■ EXERCISE GOAL ■
Before copying, set the pictures aside; then repeat every line below verbatim.

■ DATA SECTION ■
══════════════════════════════

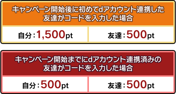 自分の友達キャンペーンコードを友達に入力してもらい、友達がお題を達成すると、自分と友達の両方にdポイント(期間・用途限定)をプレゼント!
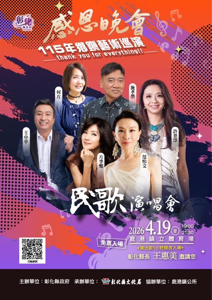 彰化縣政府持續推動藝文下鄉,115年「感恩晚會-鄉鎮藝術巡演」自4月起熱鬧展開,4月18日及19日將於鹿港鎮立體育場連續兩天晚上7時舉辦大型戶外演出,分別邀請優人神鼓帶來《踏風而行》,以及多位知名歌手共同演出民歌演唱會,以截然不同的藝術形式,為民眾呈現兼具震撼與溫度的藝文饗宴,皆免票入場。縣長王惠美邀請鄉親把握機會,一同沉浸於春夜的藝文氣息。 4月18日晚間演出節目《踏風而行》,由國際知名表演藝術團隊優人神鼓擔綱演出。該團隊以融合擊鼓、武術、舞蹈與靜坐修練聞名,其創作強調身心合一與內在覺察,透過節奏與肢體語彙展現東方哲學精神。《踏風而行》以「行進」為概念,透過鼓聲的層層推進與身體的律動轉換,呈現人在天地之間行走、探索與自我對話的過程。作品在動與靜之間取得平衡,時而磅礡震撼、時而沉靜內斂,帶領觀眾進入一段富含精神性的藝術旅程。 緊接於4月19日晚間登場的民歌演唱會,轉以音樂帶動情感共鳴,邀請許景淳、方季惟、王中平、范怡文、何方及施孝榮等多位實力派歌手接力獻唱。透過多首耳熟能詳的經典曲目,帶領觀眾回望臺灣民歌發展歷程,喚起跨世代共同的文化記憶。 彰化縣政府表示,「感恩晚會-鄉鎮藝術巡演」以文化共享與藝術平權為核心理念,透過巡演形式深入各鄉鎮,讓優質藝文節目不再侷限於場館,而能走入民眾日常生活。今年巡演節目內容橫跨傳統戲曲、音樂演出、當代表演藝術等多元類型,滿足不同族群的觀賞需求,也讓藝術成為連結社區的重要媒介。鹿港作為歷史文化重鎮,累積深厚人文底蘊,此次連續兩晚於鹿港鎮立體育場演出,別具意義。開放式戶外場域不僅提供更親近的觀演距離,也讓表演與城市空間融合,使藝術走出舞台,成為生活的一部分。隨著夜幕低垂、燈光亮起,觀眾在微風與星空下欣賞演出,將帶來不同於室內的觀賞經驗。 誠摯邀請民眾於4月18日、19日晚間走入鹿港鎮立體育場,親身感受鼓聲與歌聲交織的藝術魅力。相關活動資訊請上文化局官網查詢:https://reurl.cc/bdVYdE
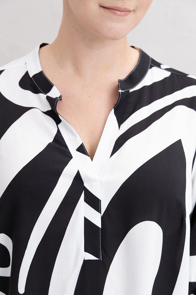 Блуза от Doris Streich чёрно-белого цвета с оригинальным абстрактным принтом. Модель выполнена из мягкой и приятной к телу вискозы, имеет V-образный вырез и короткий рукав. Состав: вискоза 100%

══════════════════════════════

■ RESULT OF THE TASK ■
 自分の友達キャンペーンコードを友達に入力してもらい、友達がお題を達成すると、自分と友達の両方にdポイント(期間・用途限定)をプレゼント!
 彰化縣政府持續推動藝文下鄉,115年「感恩晚會-鄉鎮藝術巡演」自4月起熱鬧展開,4月18日及19日將於鹿港鎮立體育場連續兩天晚上7時舉辦大型戶外演出,分別邀請優人神鼓帶來《踏風而行》,以及多位知名歌手共同演出民歌演唱會,以截然不同的藝術形式,為民眾呈現兼具震撼與溫度的藝文饗宴,皆免票入場。縣長王惠美邀請鄉親把握機會,一同沉浸於春夜的藝文氣息。 4月18日晚間演出節目《踏風而行》,由國際知名表演藝術團隊優人神鼓擔綱演出。該團隊以融合擊鼓、武術、舞蹈與靜坐修練聞名,其創作強調身心合一與內在覺察,透過節奏與肢體語彙展現東方哲學精神。《踏風而行》以「行進」為概念,透過鼓聲的層層推進與身體的律動轉換,呈現人在天地之間行走、探索與自我對話的過程。作品在動與靜之間取得平衡,時而磅礡震撼、時而沉靜內斂,帶領觀眾進入一段富含精神性的藝術旅程。 緊接於4月19日晚間登場的民歌演唱會,轉以音樂帶動情感共鳴,邀請許景淳、方季惟、王中平、范怡文、何方及施孝榮等多位實力派歌手接力獻唱。透過多首耳熟能詳的經典曲目,帶領觀眾回望臺灣民歌發展歷程,喚起跨世代共同的文化記憶。 彰化縣政府表示,「感恩晚會-鄉鎮藝術巡演」以文化共享與藝術平權為核心理念,透過巡演形式深入各鄉鎮,讓優質藝文節目不再侷限於場館,而能走入民眾日常生活。今年巡演節目內容橫跨傳統戲曲、音樂演出、當代表演藝術等多元類型,滿足不同族群的觀賞需求,也讓藝術成為連結社區的重要媒介。鹿港作為歷史文化重鎮,累積深厚人文底蘊,此次連續兩晚於鹿港鎮立體育場演出,別具意義。開放式戶外場域不僅提供更親近的觀演距離,也讓表演與城市空間融合,使藝術走出舞台,成為生活的一部分。隨著夜幕低垂、燈光亮起,觀眾在微風與星空下欣賞演出,將帶來不同於室內的觀賞經驗。 誠摯邀請民眾於4月18日、19日晚間走入鹿港鎮立體育場,親身感受鼓聲與歌聲交織的藝術魅力。相關活動資訊請上文化局官網查詢:https://reurl.cc/bdVYdE
 Блуза от Doris Streich чёрно-белого цвета с оригинальным абстрактным принтом. Модель выполнена из мягкой и приятной к телу вискозы, имеет V-образный вырез и короткий рукав. Состав: вискоза 100%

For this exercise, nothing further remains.